HOPE, Ark. – The other man from Hope is running for president again.
Declaring Tuesday that he can bring “the kind of change that truly can get America from hope to higher ground,” former Arkansas Gov. Mike Huckabee announced his Republican candidacy in the hometown he shares with former President Bill Clinton.
Though they share roots in Hope, Huckabee is pitching himself as the best Republican to take on Bill’s wife, Hillary Rodham Clinton, the dominant Democrat in the 2016 race.
“It would be perfectly fitting that I would announce here that I am a candidate for president of the United States of America,” Huckabee told hundreds of supporters.
An anti-Clinton message is one part of Huckabee’s effort to expand his support beyond the social conservatives who helped him win eight states in the 2008 Republican nominating contest that eventually was won by John McCain. Huckabee is the third notable Republican to announce a presidential campaign this week, bringing the field to six, with more to come.
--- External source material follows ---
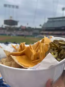 The nachos and hot dogs 🌭 were as delicious as rumored! You can even take home the plastic cups and the cap-shaped plates that the nachos come in. They make for great souvenirs 🧢.

He argued that in his more than 10 years as governor, he took on Democrats in “Bill Clinton’s Arkansas.” Huckabee was elected lieutenant governor, his first public office, months after Clinton left the governor’s mansion for Washington.
“I governed in a state that was the most lopsided and partisan in the country,” he told supporters. “No Republican governor had more Democrats and fewer Republicans. I challenged the deeply entrenched political machine that ran this state. It was tough sledding, but I learned how to govern and how to lead.”
Current Arkansas Gov. Asa Hutchinson, who in 1998 was one of the House prosecutors in the impeachment proceedings against Bill Clinton, joined in introducing Huckabee.
Besides the anti-Clinton emphasis, Huckabee sees himself as an economic populist and foreign affairs hawk who holds deeply conservative views on social issues such as abortion and gay marriage.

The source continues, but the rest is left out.